What to do:
Each line of the data below from the one holding "Υ.Σ.: Ο Απόγκρεμνος" to the one holding "在当今的网络时代,刷双击已经", inclusive, is to be reproduced exactly; no other line belongs in the answer.

Data extracted from a collection:
◇ ◇ ◇ ◇ ◇

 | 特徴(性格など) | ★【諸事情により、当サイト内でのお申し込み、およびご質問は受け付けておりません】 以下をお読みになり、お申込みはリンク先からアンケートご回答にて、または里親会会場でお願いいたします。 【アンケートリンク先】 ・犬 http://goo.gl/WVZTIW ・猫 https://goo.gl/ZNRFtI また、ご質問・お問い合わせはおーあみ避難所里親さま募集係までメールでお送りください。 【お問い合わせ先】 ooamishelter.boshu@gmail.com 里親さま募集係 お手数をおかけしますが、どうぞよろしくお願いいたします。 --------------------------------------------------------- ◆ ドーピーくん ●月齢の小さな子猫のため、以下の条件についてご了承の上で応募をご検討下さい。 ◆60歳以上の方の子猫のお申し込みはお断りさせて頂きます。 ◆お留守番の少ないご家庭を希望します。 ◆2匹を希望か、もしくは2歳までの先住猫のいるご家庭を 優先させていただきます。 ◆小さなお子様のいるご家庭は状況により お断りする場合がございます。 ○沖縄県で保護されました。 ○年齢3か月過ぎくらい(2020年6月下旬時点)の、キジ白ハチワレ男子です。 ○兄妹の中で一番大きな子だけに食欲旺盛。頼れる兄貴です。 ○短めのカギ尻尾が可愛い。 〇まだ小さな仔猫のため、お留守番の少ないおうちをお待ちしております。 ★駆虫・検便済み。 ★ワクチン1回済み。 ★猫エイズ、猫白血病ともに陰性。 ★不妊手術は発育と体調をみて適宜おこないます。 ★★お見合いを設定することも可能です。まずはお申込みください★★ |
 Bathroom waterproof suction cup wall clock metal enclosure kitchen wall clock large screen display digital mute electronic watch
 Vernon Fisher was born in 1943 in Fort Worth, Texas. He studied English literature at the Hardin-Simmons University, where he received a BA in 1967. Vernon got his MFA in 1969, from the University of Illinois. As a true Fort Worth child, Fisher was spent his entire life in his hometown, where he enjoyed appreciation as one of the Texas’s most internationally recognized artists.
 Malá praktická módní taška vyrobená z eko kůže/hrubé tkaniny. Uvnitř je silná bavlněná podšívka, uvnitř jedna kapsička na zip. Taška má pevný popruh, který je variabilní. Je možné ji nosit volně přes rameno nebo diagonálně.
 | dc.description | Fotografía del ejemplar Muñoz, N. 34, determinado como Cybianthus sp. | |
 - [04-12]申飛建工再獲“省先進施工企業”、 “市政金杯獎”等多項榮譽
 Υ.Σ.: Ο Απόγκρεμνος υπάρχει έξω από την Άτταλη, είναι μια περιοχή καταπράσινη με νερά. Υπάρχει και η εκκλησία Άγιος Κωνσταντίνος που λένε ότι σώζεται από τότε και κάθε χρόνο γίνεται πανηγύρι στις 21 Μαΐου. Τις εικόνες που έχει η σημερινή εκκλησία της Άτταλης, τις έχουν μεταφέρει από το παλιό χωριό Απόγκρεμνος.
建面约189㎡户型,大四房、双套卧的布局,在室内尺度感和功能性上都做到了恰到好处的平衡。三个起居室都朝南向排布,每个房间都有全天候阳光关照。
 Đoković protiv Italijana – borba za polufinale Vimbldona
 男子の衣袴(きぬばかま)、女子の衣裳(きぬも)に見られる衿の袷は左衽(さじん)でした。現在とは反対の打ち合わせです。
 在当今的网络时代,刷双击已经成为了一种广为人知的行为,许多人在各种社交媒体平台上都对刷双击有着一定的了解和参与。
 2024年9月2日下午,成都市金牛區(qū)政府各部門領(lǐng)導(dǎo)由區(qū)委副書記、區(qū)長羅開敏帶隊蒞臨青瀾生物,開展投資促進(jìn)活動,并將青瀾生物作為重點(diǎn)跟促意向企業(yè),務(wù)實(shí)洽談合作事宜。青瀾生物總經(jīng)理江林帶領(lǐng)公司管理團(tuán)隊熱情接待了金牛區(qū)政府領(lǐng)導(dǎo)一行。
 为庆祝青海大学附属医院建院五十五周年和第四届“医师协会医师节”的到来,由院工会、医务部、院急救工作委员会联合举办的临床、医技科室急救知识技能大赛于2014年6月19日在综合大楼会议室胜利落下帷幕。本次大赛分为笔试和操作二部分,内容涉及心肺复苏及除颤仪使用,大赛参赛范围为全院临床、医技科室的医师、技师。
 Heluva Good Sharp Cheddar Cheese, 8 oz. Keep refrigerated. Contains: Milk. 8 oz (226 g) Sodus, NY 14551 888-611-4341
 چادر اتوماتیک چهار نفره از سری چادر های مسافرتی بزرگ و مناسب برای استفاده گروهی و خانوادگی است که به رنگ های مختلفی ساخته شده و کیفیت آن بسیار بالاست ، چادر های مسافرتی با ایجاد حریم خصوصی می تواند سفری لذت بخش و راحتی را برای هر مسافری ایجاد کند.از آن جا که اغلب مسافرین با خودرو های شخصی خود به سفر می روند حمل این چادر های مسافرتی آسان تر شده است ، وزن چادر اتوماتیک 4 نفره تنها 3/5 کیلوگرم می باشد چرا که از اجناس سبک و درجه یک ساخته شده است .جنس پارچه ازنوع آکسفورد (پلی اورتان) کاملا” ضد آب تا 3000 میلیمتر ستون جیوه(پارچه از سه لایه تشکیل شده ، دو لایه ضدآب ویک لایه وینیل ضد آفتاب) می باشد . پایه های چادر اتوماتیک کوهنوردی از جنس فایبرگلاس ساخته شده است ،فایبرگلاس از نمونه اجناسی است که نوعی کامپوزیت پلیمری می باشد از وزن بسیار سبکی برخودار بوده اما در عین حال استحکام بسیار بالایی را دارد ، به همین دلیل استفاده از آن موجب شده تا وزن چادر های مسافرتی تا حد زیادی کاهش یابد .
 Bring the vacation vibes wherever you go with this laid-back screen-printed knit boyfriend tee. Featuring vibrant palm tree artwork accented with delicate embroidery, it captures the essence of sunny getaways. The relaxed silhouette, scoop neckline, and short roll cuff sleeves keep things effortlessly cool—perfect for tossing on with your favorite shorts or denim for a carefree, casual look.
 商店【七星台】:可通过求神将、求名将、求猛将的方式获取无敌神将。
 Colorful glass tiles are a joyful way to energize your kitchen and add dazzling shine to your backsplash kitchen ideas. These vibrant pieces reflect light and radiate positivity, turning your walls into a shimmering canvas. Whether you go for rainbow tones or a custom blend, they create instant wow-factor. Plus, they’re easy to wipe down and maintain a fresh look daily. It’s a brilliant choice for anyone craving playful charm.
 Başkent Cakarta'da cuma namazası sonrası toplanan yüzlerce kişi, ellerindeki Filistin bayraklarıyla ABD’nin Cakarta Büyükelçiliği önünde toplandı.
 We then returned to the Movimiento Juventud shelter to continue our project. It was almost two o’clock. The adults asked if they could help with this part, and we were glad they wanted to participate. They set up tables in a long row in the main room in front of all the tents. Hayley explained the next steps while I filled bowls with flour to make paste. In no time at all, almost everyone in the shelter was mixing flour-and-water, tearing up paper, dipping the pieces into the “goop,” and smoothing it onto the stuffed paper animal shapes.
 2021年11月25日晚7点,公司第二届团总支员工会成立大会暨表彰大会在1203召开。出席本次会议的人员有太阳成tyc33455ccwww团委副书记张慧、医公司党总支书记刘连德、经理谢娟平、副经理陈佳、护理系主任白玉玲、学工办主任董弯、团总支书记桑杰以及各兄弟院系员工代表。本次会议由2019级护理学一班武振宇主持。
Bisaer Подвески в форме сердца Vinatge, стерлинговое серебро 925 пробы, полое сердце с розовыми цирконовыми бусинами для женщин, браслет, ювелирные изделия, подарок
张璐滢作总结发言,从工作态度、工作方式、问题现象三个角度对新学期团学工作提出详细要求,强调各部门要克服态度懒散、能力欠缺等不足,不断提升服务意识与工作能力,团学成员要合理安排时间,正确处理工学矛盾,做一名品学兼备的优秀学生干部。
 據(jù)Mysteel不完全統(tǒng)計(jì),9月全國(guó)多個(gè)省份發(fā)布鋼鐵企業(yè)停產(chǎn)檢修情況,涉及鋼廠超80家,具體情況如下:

◇ ◇ ◇ ◇ ◇

Output:
 Υ.Σ.: Ο Απόγκρεμνος υπάρχει έξω από την Άτταλη, είναι μια περιοχή καταπράσινη με νερά. Υπάρχει και η εκκλησία Άγιος Κωνσταντίνος που λένε ότι σώζεται από τότε και κάθε χρόνο γίνεται πανηγύρι στις 21 Μαΐου. Τις εικόνες που έχει η σημερινή εκκλησία της Άτταλης, τις έχουν μεταφέρει από το παλιό χωριό Απόγκρεμνος.
建面约189㎡户型,大四房、双套卧的布局,在室内尺度感和功能性上都做到了恰到好处的平衡。三个起居室都朝南向排布,每个房间都有全天候阳光关照。
 Đoković protiv Italijana – borba za polufinale Vimbldona
 男子の衣袴(きぬばかま)、女子の衣裳(きぬも)に見られる衿の袷は左衽(さじん)でした。現在とは反対の打ち合わせです。
 在当今的网络时代,刷双击已经成为了一种广为人知的行为,许多人在各种社交媒体平台上都对刷双击有着一定的了解和参与。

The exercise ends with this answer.